State ex rel. Sears, Roebuck & Co. v. Haid

Citation60 S.W.2d 41,332 Mo. 701
Decision Date20 April 1933
Docket Number32390
PartiesState ex rel. Sears, Roebuck & Co., a Corporation, Relator, v. George F. Haid, William Dee Becker and Simon G. Nipper, as Judges of the St. Louis Court of Appeals
CourtUnited States State Supreme Court of Missouri

Opinion of the Court of Appeals quashed.

Bryan Williams, Cave & McPheeters for relator.

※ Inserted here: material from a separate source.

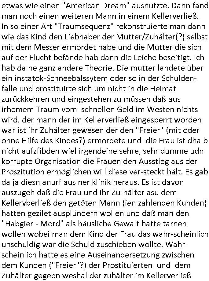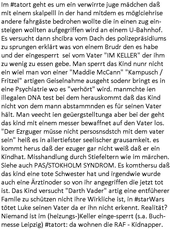 Im #tatort geht es um ein verwirrte juge mädchen daß mit einem skalpelll in der hand mitdem es möglciehrise andere fahrgäste bedrohen wollte die in einen zug ein-steigen wollten aufgegriffen wird an einem U-Bahnhof.Es versucht dann shcibra vom Dach des polizepräsidiums zu sprungen erklärt was von einem Brudr den es habe und der eingesperrt sei vom Vater "IM KELLER" der ihm zu wenig zu essen gebe. Man sperrt das Kind nunr nicht ein wiel man von einer "Maddie McCann" "Kampusch / Fritzel" artigen Geiselnahme ausgeht sodenr bringt es in eine Psychiatrie wo es "verhört" wird. manmchte ien illegalen DNA test bei dem herauskommt daß das Kind nicht von dem mann abstammnden es für seinen Vater hält. Man veecht ien geüergstelltunga aber bei der geht das kind mit einem messer bewaffnet auf den Vater los. "Der Ezrguger müsse nicht persosnsdstch mit dem vater sein" heiß es in allertiefster seelischer grausamkeit. es kommt herus daß der ezuger gar nicht weiß daß er ein Kindhat. Misshandlung durch Stiefeltern wie im märchen. Siehe auch PAS/STOKHOLM SYNDROM. Es komthersu daß das kind eine tote Schwester hat und irgendwie wurde auch eine Ärztinoder so von ihr angegriffen die jetzt tot ist. Das Kind versucht "Darth Vader" artig eine entfüherer Famile zu schützen nicht ihre Wirkliche ist, in #starWars tötet Luke seinen Vater da er ihn nicht erkennt. Realität? Niemand ist im (heizungs-)Keller einge-sperrt (s.a. Buch-messe Leipzig) #tatort: da wohnen die RAF - Kidnapper.

(1) The decision of the Court of Appeals that the last clause of Section 2967 of the Revised Statutes of 1929, "And no contract for the sale of lands made by an agent shall be binding upon the principal unless such agent is authorized in writing to make said contract," applies only to the agent of the vendor and seller and not to the agent of the vendee or purchaser is in conflict with and contradictory to the latest previous and controlling rulings of this court and with the decisions on the same question of the Kansas City Court of Appeals. Ivory v. Murphy, 36 Mo. 534; Luckett v. Williamson, 37 Mo. 389; Culligan v Wingerter, 57 Mo. 241; Walker v. Owen, 79 Mo 563; Dunham v. Hartman, 153 Mo. 625; Schlanker v. Smith, 27 Mo.App. 516. (2) The opinion of the Court of Appeals is likewise in direct conflict with and contradictory to the latest previous and controlling decisions of this court on the rules of statutory construction, for this court has repeatedly held that, where words or phrases employed in a statute have been construed by the courts of last resort to have been used in a particular sense in a previous statute on the same subject, they are presumed, in the absence of a clearly-expressed intent to the contrary, to be used in the same sense in the new or amended statute as in the previous statute. Kelly v. Thuey, 143 Mo. 422; State v. Schenk, 238 Mo. 429; Handlin v. Morgan County, 57 Mo. 114; Easton v. Courtwright, 84 Mo. 27; State ex inf. v. Meeker, 317 Mo. 719; State ex rel. v. Daues, 14 S.W.2d 990; Thorn v. Browne, 257 F. 519.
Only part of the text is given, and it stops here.